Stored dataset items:
"""

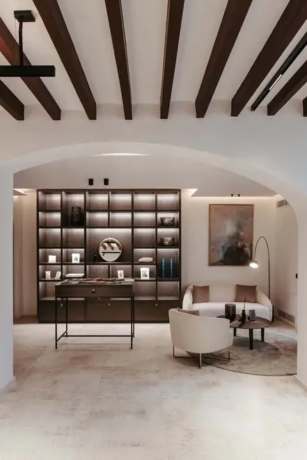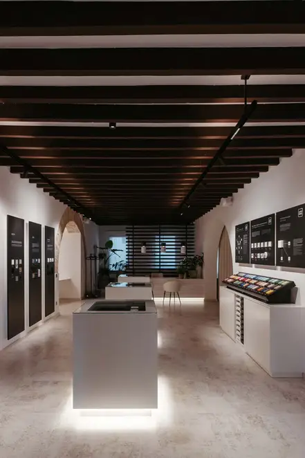 The studio in Rambla 8, designed by architect Gülçin Yilmaz, presents the entire range of JUNG products and solutions - from the design classic LS 990 to the smart home system JUNG HOME - on an area of around 200 square metres. The interplay of innovative technology and timeless design is reflected in the architecture of the showroom, where elements of the original building, such as stones and beams, harmonise with minimalist lines and colours.
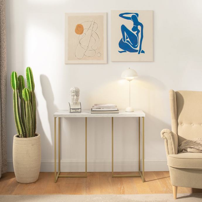 Sa svojim mramornim furnirom na stolu i mat zlatnim okvirom, ovaj konzolni stol nudi suptilan glamurozan izgled vašem domu. Pristaje vašoj sobi i dodaje eleganciju i modu vašem dekoru, savršeno za opuštajući trenutak. Za sve informacije nazovite na broj telefona 092/399-75-19
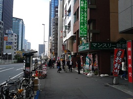 ① 西新宿駅の1番出口を出て、右へ(中野坂上方面)へ進みます。
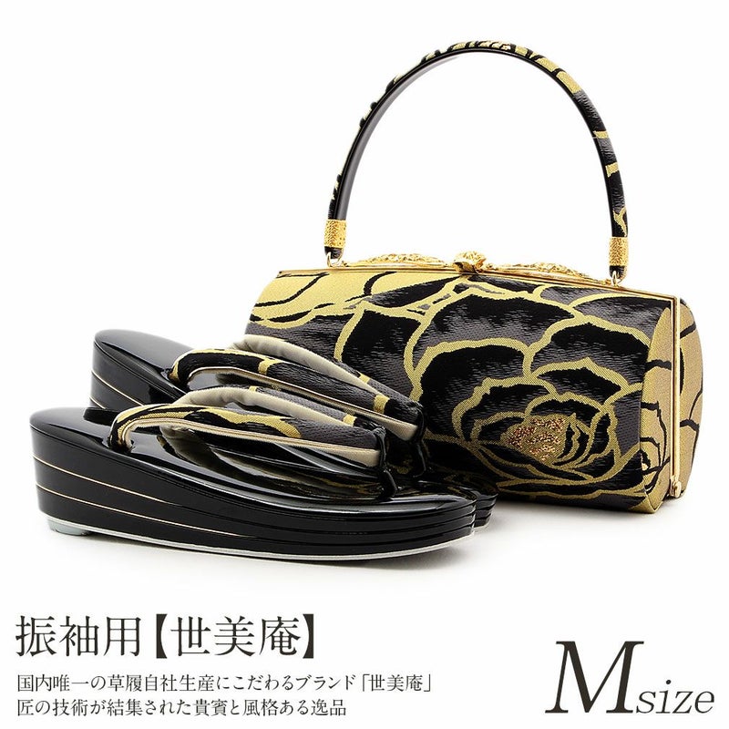 草履バックセット 成人式 振袖 世美庵 Mサイズ 薔薇 正絹帯地
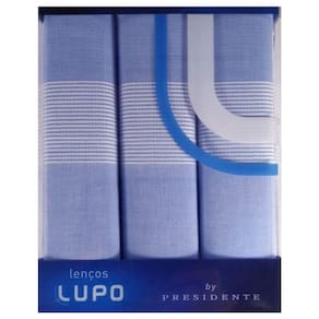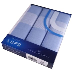 Caixa contendo 3 Lenços Finos masculinos Lupo by Presidente medindo 41 x 41 centímetros e fabricados em teares de última geração com fio puro 100% algodão penteado e mercerizado. Possuem cores firmes, toque macio e grande poder de absorção. Graças a esses cuidados, é um produto único, de qualidade e durabilidade insuperáveis. Ideal para usar no seu dia-a-dia e colocar no seu paletó ou blazer.
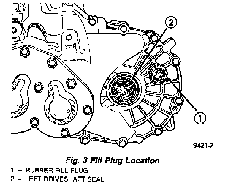 All NV T350 (A-578) transaxles are equipped with a fill plug. The fill plug is located on the left side of the transaxle differential area (Fig. 3). The fluid level should be within 3/16 inch from the bottom of the transaxle fill hole (vehicle must be level when checking).
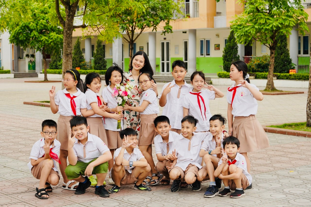 Ảnh: Cô Hoài Thu cùng học sinh

"""

Since the copy must exclude the pictures, transcribe only the text of the records, word for word.

### Result
 The studio in Rambla 8, designed by architect Gülçin Yilmaz, presents the entire range of JUNG products and solutions - from the design classic LS 990 to the smart home system JUNG HOME - on an area of around 200 square metres. The interplay of innovative technology and timeless design is reflected in the architecture of the showroom, where elements of the original building, such as stones and beams, harmonise with minimalist lines and colours.
 Sa svojim mramornim furnirom na stolu i mat zlatnim okvirom, ovaj konzolni stol nudi suptilan glamurozan izgled vašem domu. Pristaje vašoj sobi i dodaje eleganciju i modu vašem dekoru, savršeno za opuštajući trenutak. Za sve informacije nazovite na broj telefona 092/399-75-19
 ① 西新宿駅の1番出口を出て、右へ(中野坂上方面)へ進みます。
 草履バックセット 成人式 振袖 世美庵 Mサイズ 薔薇 正絹帯地
 Caixa contendo 3 Lenços Finos masculinos Lupo by Presidente medindo 41 x 41 centímetros e fabricados em teares de última geração com fio puro 100% algodão penteado e mercerizado. Possuem cores firmes, toque macio e grande poder de absorção. Graças a esses cuidados, é um produto único, de qualidade e durabilidade insuperáveis. Ideal para usar no seu dia-a-dia e colocar no seu paletó ou blazer.
 All NV T350 (A-578) transaxles are equipped with a fill plug. The fill plug is located on the left side of the transaxle differential area (Fig. 3). The fluid level should be within 3/16 inch from the bottom of the transaxle fill hole (vehicle must be level when checking).
 Ảnh: Cô Hoài Thu cùng học sinh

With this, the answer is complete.